> Your task
Omit every picture, then return the listing verbatim.

> Provided data

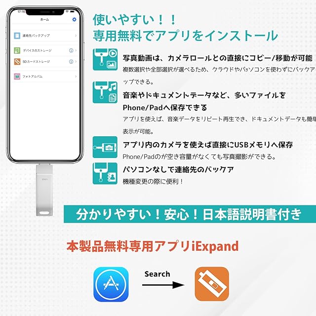【品質3年・専門スタッフによる日本語対応】 phone 外 付け usb は十数通りの検査手順で逸品を確保,usbメモリはセイコー級 構造最適化で長持ち。人気のusb phoneランキングは1年間の品質購入後1ヶ月以内に、故障したUSBの交換に対応します。日本語取扱説明書と迅速対応のサポートサービスがあります。日本国内でのカスタマーサービスによって、スムーズな問題解決ができるようになっております。説明書内に連絡先を記載しておりますので、どうぞご連絡ください。
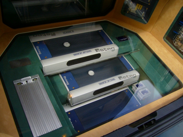 ショウエイと勝負しようと言う事で、製作を開始、新人君の気合で役一ヶ月半で完成に至りました、途中で予定していたスピーカーがないとか、いろいろな問題が起こりましたが、何とか形になりました、今後はチューニングを完成させ、外も完成させたいですね(ブレーキ、足、フェンダー等)そして四国に持ち込む予定です。最近のデモカーの中では気合を入れた、この車で参加各店のデモカーと対戦するのは、とても楽しみです。おれも参加したいよ!というデモカー所有ショップは是非、サウンドジャム四国に参加してください。また、お客さまの視聴も当日自由に出来ますので、楽しみにしていてください。
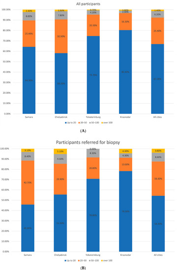 The only inclusion criterion for the program participants was age limit—adults over 18. The cities of Samara, Chelyabinsk, Yekaterinburg, and Krasnodar, whose residents were involved in the Program, were chosen based on the CM incidence rate, population >1 million, and regional healthcare support. The LFF program enrolled 3143 participants. The number of female participants was significantly higher than male participants, including 2369 women (75.4%) and 774 men (24.6%). Such a proportion was almost the same in all studied regions. The average age accounted for 43.7 (95% confidence interval (CI): 43.2–44.3) years. However, the age difference was registered as following: the average age of 44.7 (95% CI: 43.6–45.7) and 45.1 (95% CI: 44.2–45.9) in Samara and Chelyabinsk, respectively, was higher than that of Yekaterinburg, and Krasnodar, 41.6 (95% CI: 40.4–42.8) and 42.1 (95% CI: 40.6–43.6), respectively.

> Solved exercise
【品質3年・専門スタッフによる日本語対応】 phone 外 付け usb は十数通りの検査手順で逸品を確保,usbメモリはセイコー級 構造最適化で長持ち。人気のusb phoneランキングは1年間の品質購入後1ヶ月以内に、故障したUSBの交換に対応します。日本語取扱説明書と迅速対応のサポートサービスがあります。日本国内でのカスタマーサービスによって、スムーズな問題解決ができるようになっております。説明書内に連絡先を記載しておりますので、どうぞご連絡ください。
 ショウエイと勝負しようと言う事で、製作を開始、新人君の気合で役一ヶ月半で完成に至りました、途中で予定していたスピーカーがないとか、いろいろな問題が起こりましたが、何とか形になりました、今後はチューニングを完成させ、外も完成させたいですね(ブレーキ、足、フェンダー等)そして四国に持ち込む予定です。最近のデモカーの中では気合を入れた、この車で参加各店のデモカーと対戦するのは、とても楽しみです。おれも参加したいよ!というデモカー所有ショップは是非、サウンドジャム四国に参加してください。また、お客さまの視聴も当日自由に出来ますので、楽しみにしていてください。
 The only inclusion criterion for the program participants was age limit—adults over 18. The cities of Samara, Chelyabinsk, Yekaterinburg, and Krasnodar, whose residents were involved in the Program, were chosen based on the CM incidence rate, population >1 million, and regional healthcare support. The LFF program enrolled 3143 participants. The number of female participants was significantly higher than male participants, including 2369 women (75.4%) and 774 men (24.6%). Such a proportion was almost the same in all studied regions. The average age accounted for 43.7 (95% confidence interval (CI): 43.2–44.3) years. However, the age difference was registered as following: the average age of 44.7 (95% CI: 43.6–45.7) and 45.1 (95% CI: 44.2–45.9) in Samara and Chelyabinsk, respectively, was higher than that of Yekaterinburg, and Krasnodar, 41.6 (95% CI: 40.4–42.8) and 42.1 (95% CI: 40.6–43.6), respectively.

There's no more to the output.